• _Exercise requirements_
Within the material below, transcribe exactly the lines from the one holding "Ο στρατηγός Αϊζενχάουερ" through the one holding "Πάνω της προετοιμασίας", keeping both ends and skipping the rest.

• _Source material_
==================================================
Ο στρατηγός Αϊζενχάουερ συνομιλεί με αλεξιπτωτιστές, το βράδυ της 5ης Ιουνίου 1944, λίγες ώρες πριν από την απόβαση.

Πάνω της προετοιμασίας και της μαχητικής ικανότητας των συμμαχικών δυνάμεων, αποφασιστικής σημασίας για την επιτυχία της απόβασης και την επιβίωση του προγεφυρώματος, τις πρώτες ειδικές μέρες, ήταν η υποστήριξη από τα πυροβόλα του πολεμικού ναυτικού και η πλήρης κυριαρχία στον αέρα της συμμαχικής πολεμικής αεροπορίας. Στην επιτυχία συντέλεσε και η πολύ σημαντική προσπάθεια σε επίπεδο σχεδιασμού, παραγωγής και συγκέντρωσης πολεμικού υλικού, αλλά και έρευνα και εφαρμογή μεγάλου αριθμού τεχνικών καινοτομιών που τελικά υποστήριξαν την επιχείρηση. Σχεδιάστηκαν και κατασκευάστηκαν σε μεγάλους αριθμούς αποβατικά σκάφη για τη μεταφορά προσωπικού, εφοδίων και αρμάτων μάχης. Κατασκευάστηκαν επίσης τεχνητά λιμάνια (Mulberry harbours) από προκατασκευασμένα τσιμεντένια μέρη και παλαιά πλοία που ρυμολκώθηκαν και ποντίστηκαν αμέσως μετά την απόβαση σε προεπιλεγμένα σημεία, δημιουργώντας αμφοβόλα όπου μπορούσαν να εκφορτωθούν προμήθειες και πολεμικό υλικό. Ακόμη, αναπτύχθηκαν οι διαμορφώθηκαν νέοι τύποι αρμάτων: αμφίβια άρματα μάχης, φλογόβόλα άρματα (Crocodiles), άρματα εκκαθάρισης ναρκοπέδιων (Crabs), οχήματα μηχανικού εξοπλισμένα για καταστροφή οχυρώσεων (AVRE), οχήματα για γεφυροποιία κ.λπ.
==================================================
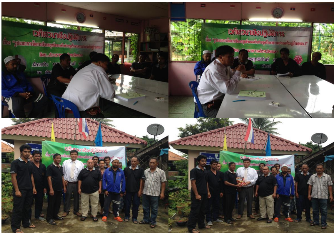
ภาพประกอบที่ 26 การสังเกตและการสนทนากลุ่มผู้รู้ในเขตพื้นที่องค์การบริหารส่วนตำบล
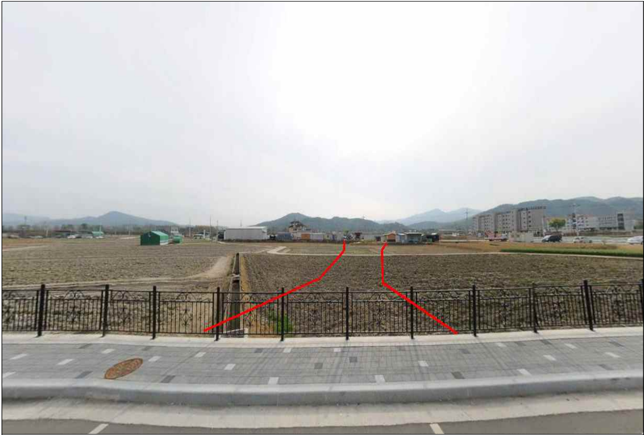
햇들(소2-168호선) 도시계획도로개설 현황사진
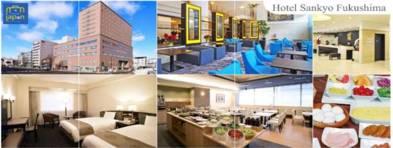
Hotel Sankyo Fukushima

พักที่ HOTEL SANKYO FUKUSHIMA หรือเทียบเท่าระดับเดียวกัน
==================================================
• _Result of the task_
Ο στρατηγός Αϊζενχάουερ συνομιλεί με αλεξιπτωτιστές, το βράδυ της 5ης Ιουνίου 1944, λίγες ώρες πριν από την απόβαση.

Πάνω της προετοιμασίας και της μαχητικής ικανότητας των συμμαχικών δυνάμεων, αποφασιστικής σημασίας για την επιτυχία της απόβασης και την επιβίωση του προγεφυρώματος, τις πρώτες ειδικές μέρες, ήταν η υποστήριξη από τα πυροβόλα του πολεμικού ναυτικού και η πλήρης κυριαρχία στον αέρα της συμμαχικής πολεμικής αεροπορίας. Στην επιτυχία συντέλεσε και η πολύ σημαντική προσπάθεια σε επίπεδο σχεδιασμού, παραγωγής και συγκέντρωσης πολεμικού υλικού, αλλά και έρευνα και εφαρμογή μεγάλου αριθμού τεχνικών καινοτομιών που τελικά υποστήριξαν την επιχείρηση. Σχεδιάστηκαν και κατασκευάστηκαν σε μεγάλους αριθμούς αποβατικά σκάφη για τη μεταφορά προσωπικού, εφοδίων και αρμάτων μάχης. Κατασκευάστηκαν επίσης τεχνητά λιμάνια (Mulberry harbours) από προκατασκευασμένα τσιμεντένια μέρη και παλαιά πλοία που ρυμολκώθηκαν και ποντίστηκαν αμέσως μετά την απόβαση σε προεπιλεγμένα σημεία, δημιουργώντας αμφοβόλα όπου μπορούσαν να εκφορτωθούν προμήθειες και πολεμικό υλικό. Ακόμη, αναπτύχθηκαν οι διαμορφώθηκαν νέοι τύποι αρμάτων: αμφίβια άρματα μάχης, φλογόβόλα άρματα (Crocodiles), άρματα εκκαθάρισης ναρκοπέδιων (Crabs), οχήματα μηχανικού εξοπλισμένα για καταστροφή οχυρώσεων (AVRE), οχήματα για γεφυροποιία κ.λπ.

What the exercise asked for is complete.